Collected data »
*** Block opens ***
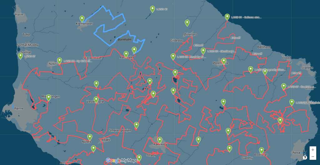 LAND 35 startede, som den forrige tur var endt – med grå himmel og silende regn. Iført mit regntøj gik jeg mod nordøst på den regnvåde vej, mens traktorer og lastbiler skreg og hvæsede forbi mig. Jeg var glad for at dreje ind på en roligere vej og derefter igen ind i en lydløs skov, hvor jeg vadede gennem knæhøjt vådt græs gennem en ung birke- og granplantage mod Rø-senderen, en 315 meter høj gittermast fastspændt med stålbarduner, der tårnede sig op over mig og faktisk hele Bornholm.
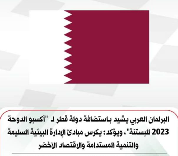 وأكد البرلمان العربي أن استضافة دولة قطر لهذا المعرض الهام الذي يقام للمرة الأولى في المنطقة، يعكس حرص دولة قطر بقيادة الأمير تميم بن حمد آل ثاني أمير دولة قطر، على تكريس مبادئ الإدارة البيئية السليمة والتنمية المستدامة والاقتصاد الأخضر، والتي تتماشى مع النهج العالمي الحالي لمواجهة آثار ظاهرة التغير المناخي والوصول إلى بيئة عالمية آمنة ومستدامة.
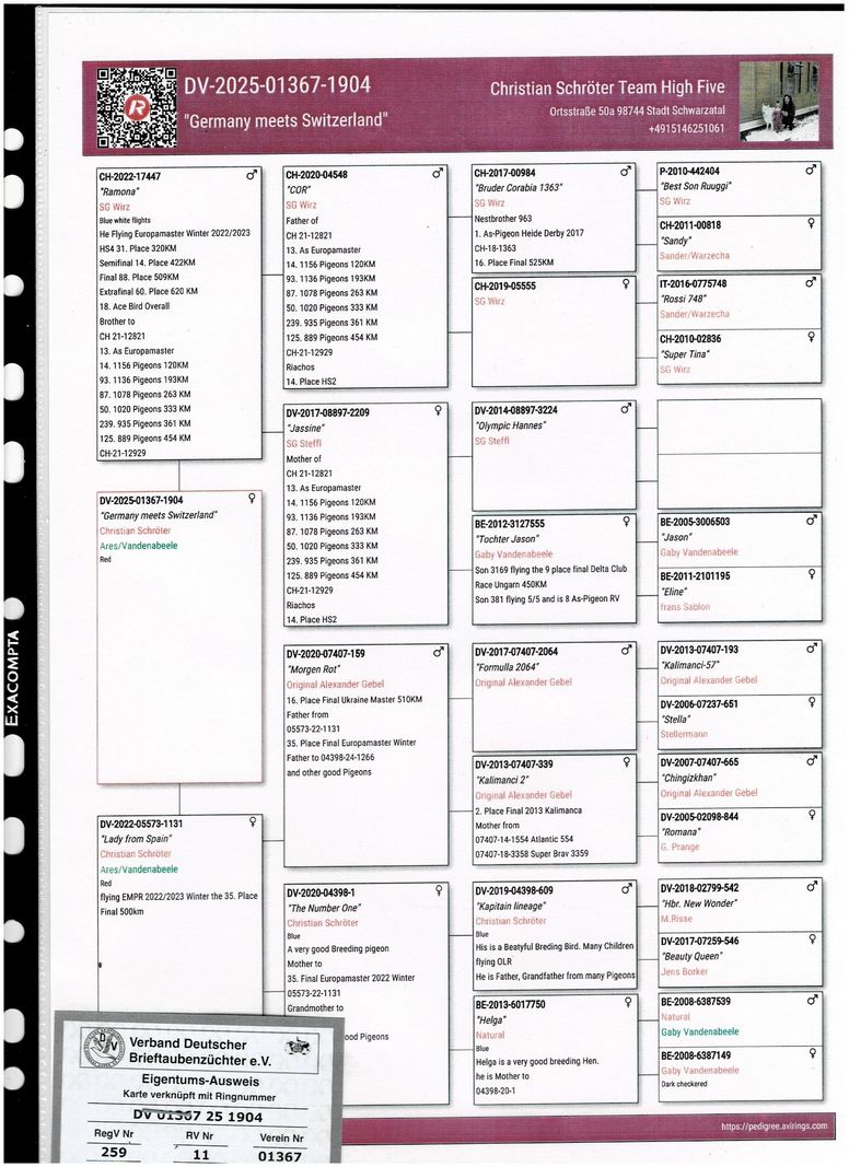 Serie porumbel: DV-01367-25-1904 Christian Schroeter Team High Five
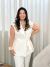 Macacão regata em linho com faixa removível na cintura, modelagem reta e caimento leve. O tecido em linho é fresco, natural e traz sofisticação sem abrir mão do conforto. A faixa ajustável permite variar o uso, marcando ou não a cintura conforme a ocasião.
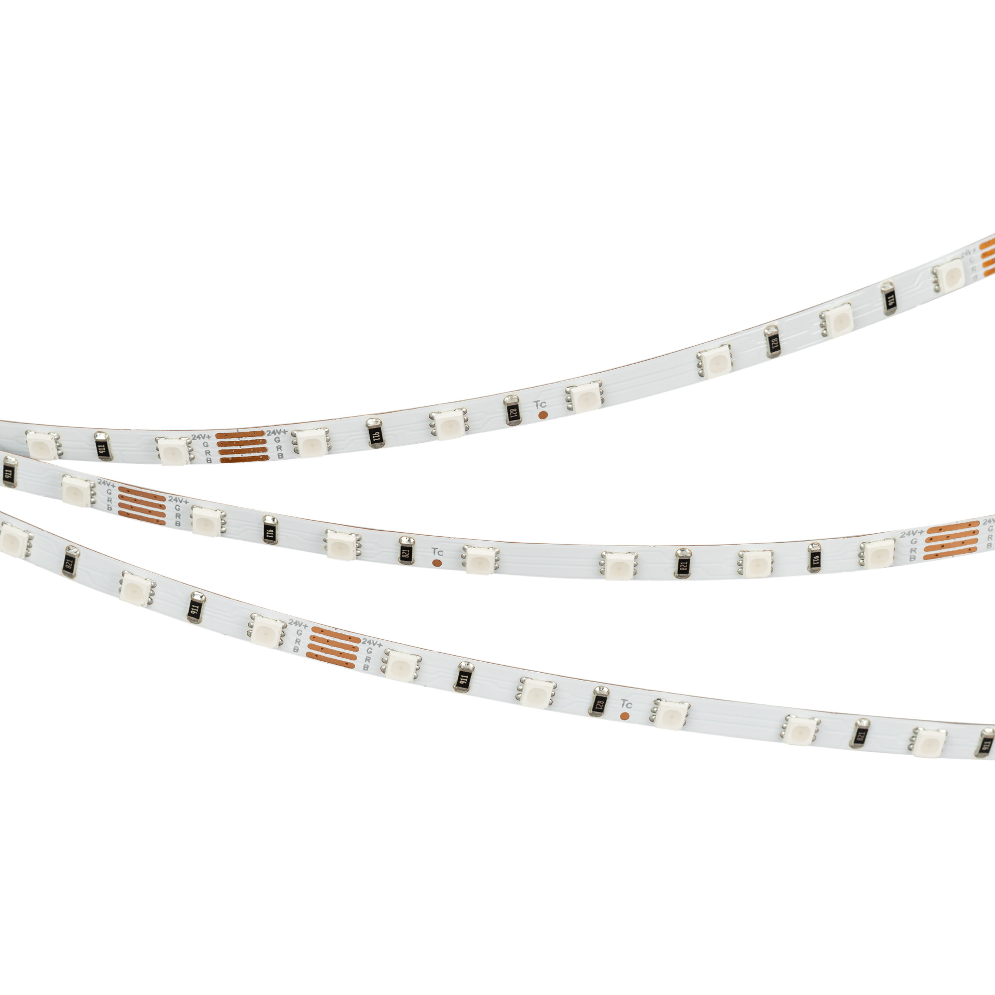 Мультицветная светодиодная лента RT серии G60 шириной 5 мм, мощностью 6.6 Вт/м. цвет свечения RGB. Напряжение питания 24 В. Светодиоды SMD 3838 (60 шт/м). Минимальный отрезок 100 мм (6 светодиодов). Трехканальная лента с 4 проводами для подключения, управляется RGB-контроллером. Применяется для создания яркой цветной декоративной подсветки элементов интерьера, ниш, рекламных конструкций, витрин, зон отдыха.
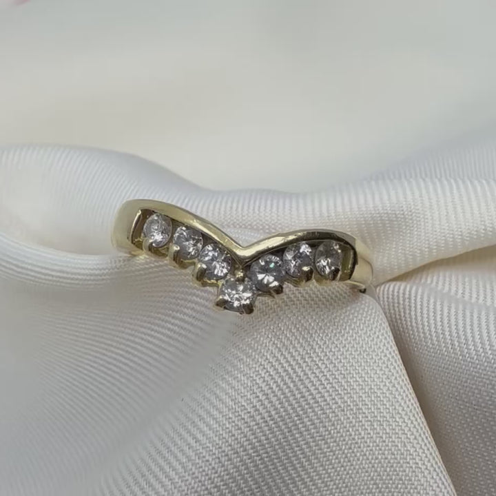 From our pre-owned vintage collection, this classic diamond wishbone ring displays 7 round diamonds claw set in a 'V' formation. The perfect choice for a shaped to fit wedding or eternity ring.
*** Block closes ***
The task » Repeat the records above exactly. No pictures go into the repeat.

Exercise result »
 LAND 35 startede, som den forrige tur var endt – med grå himmel og silende regn. Iført mit regntøj gik jeg mod nordøst på den regnvåde vej, mens traktorer og lastbiler skreg og hvæsede forbi mig. Jeg var glad for at dreje ind på en roligere vej og derefter igen ind i en lydløs skov, hvor jeg vadede gennem knæhøjt vådt græs gennem en ung birke- og granplantage mod Rø-senderen, en 315 meter høj gittermast fastspændt med stålbarduner, der tårnede sig op over mig og faktisk hele Bornholm.
 وأكد البرلمان العربي أن استضافة دولة قطر لهذا المعرض الهام الذي يقام للمرة الأولى في المنطقة، يعكس حرص دولة قطر بقيادة الأمير تميم بن حمد آل ثاني أمير دولة قطر، على تكريس مبادئ الإدارة البيئية السليمة والتنمية المستدامة والاقتصاد الأخضر، والتي تتماشى مع النهج العالمي الحالي لمواجهة آثار ظاهرة التغير المناخي والوصول إلى بيئة عالمية آمنة ومستدامة.
 Serie porumbel: DV-01367-25-1904 Christian Schroeter Team High Five
 Macacão regata em linho com faixa removível na cintura, modelagem reta e caimento leve. O tecido em linho é fresco, natural e traz sofisticação sem abrir mão do conforto. A faixa ajustável permite variar o uso, marcando ou não a cintura conforme a ocasião.
 Мультицветная светодиодная лента RT серии G60 шириной 5 мм, мощностью 6.6 Вт/м. цвет свечения RGB. Напряжение питания 24 В. Светодиоды SMD 3838 (60 шт/м). Минимальный отрезок 100 мм (6 светодиодов). Трехканальная лента с 4 проводами для подключения, управляется RGB-контроллером. Применяется для создания яркой цветной декоративной подсветки элементов интерьера, ниш, рекламных конструкций, витрин, зон отдыха.
 From our pre-owned vintage collection, this classic diamond wishbone ring displays 7 round diamonds claw set in a 'V' formation. The perfect choice for a shaped to fit wedding or eternity ring.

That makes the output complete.